A Constituição Federal de 1988 contém um extenso catálogo de direitos fundamentais. Dentro desse catálogo estão os direitos sociais, enumerados basicamente no art. 6o da carta magna e posicionados no título II, que trata "Dos direitos e garantias fundamentais", podendo-se falar, em nosso direito positivo, em "direitos fundamentais sociais":

''Art. 6o São direitos sociais a educação, a saúde, a alimentação, o trabalho, a moradia, o lazer, a segurança, a previdência social, a pro-teção à maternidade e à infância, a assistência aos desamparados, na forma desta Constituição" (Brasil, 2011, p. 32).

Parte respeitável da doutrina -senão a maioria - entende que os direitos sociais previstos na Constituição são plenamente exigíveis em juízo, independentemente da existência de legislação infracons-titucional, cabendo ao Poder Judiciário um papel ativo na sua efetivação e garantia. Esse posicionamento é claramente defendido por Luís Roberto Barroso, dentre outros doutrinadores:

"De outras vezes, as normas constitucionais atributivas de direitos sociais:

(B) ensejam a exigibilidade de prestações positivas do Estado.

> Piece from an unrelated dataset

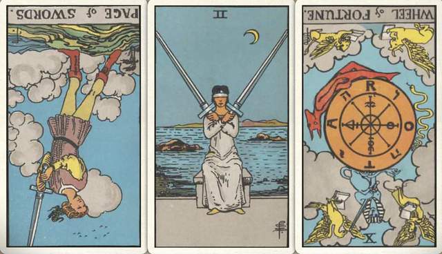 卜牌:宝剑侍从- 宝剑二+ 命运之轮-

Aqui, ao contrário da hipótese anterior, o dever jurídico a ser cumprido consiste em uma atuação efetiva, na entrega de um bem ou na satisfação de um interesse. Na Constituição de 1988, são exemplos dessa espécie os direitos à proteção da saúde (art. 196), previdência social (arts. 6o e 201), aposentadoria da mulher após trinta anos de contribuição (art. 201, § T, I)" (Barroso, 2000, p. 109).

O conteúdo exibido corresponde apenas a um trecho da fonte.